= What is required =
Starting with the line that contains "Đúng vào lúc" and ending with the last line of the listing, print each line exactly. Pictures stay out.

··· Dataset content

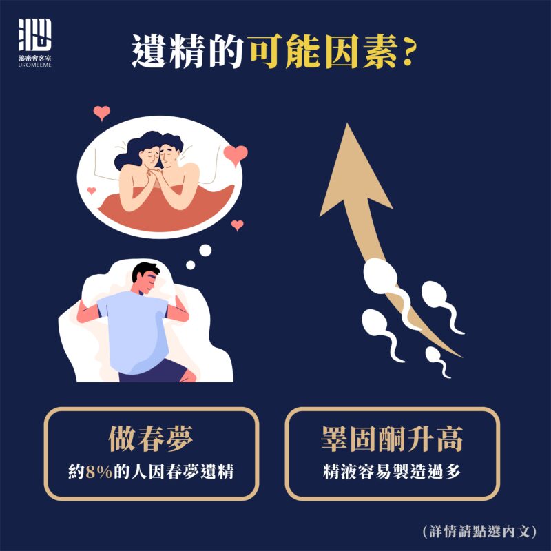 少年時期因為睪固酮開始大量產生,導致精液容易製造過多,晚上睡覺不經意的就自然流出來,另外,當成年男性太久沒有發生射精,等於睪固酮和精液都沒有被消耗,也就會有遺精的現象
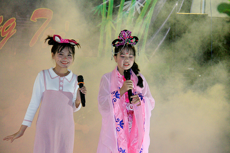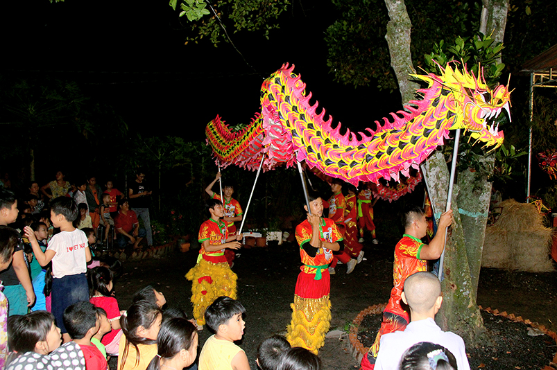 Đúng vào lúc 18 giờ cùng ngày chương trình văn nghệ ” vui hội trăng rằm ” được bắt đầu chính thức với màn múa lân khai mạc lễ hội.
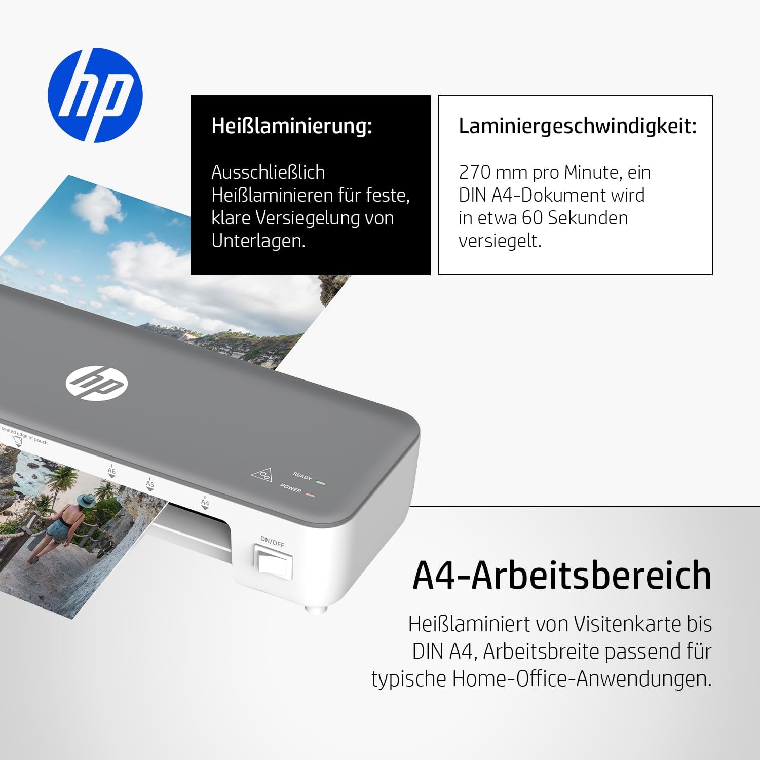 Der HP OneLam 270 A4 ist ein kompaktes, modernes Heißlaminiergerät, das perfekt für Home-Office, Hobbyprojekte, Bastelarbeiten und schulische Anwendungen geeignet ist. Er ist in unter 4 Minuten aufgewärmt und laminiert zuverlässig Dokumente von der Visitenkarte bis zum DIN A4-Format.
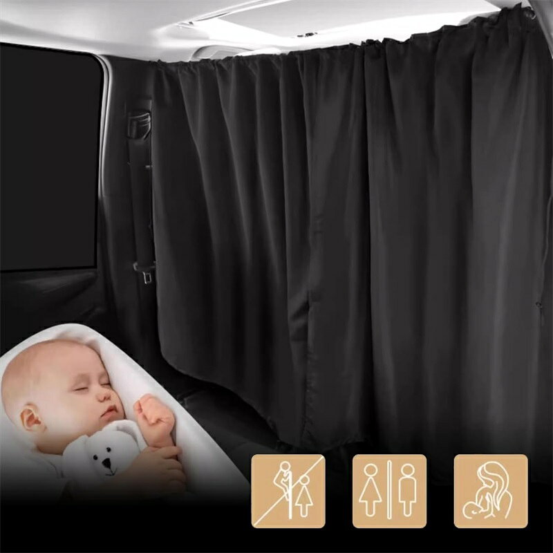遮光可能な生地を採用し、効果的に日差しを遮断し、断熱効果もあります。車外からの視線や光を遮り、プライバシーを守ります。使用しない時は開けることができます。 前席と後席の間に設置するパーティションです。服を着替えたり、授乳したり、車内での宿泊、紫外線対策など、様々な用途に役立ちます。また、エアコンの効率も向上させます。 車内のピラー部分にフックをかけるだけ!用途に合わせてカーテンを移動したり取り外したり、前後で仕切りとしても使用できます。※購入前に、車のピラー部分に隙間があり、取り付け用フックのサイズを確認してください。 室内の空間の大きさに応じてロープの長さを調整できるので、多様な車種に適用できます。

······

= The completed task =
 Đúng vào lúc 18 giờ cùng ngày chương trình văn nghệ ” vui hội trăng rằm ” được bắt đầu chính thức với màn múa lân khai mạc lễ hội.
 Der HP OneLam 270 A4 ist ein kompaktes, modernes Heißlaminiergerät, das perfekt für Home-Office, Hobbyprojekte, Bastelarbeiten und schulische Anwendungen geeignet ist. Er ist in unter 4 Minuten aufgewärmt und laminiert zuverlässig Dokumente von der Visitenkarte bis zum DIN A4-Format.
遮光可能な生地を採用し、効果的に日差しを遮断し、断熱効果もあります。車外からの視線や光を遮り、プライバシーを守ります。使用しない時は開けることができます。 前席と後席の間に設置するパーティションです。服を着替えたり、授乳したり、車内での宿泊、紫外線対策など、様々な用途に役立ちます。また、エアコンの効率も向上させます。 車内のピラー部分にフックをかけるだけ!用途に合わせてカーテンを移動したり取り外したり、前後で仕切りとしても使用できます。※購入前に、車のピラー部分に隙間があり、取り付け用フックのサイズを確認してください。 室内の空間の大きさに応じてロープの長さを調整できるので、多様な車種に適用できます。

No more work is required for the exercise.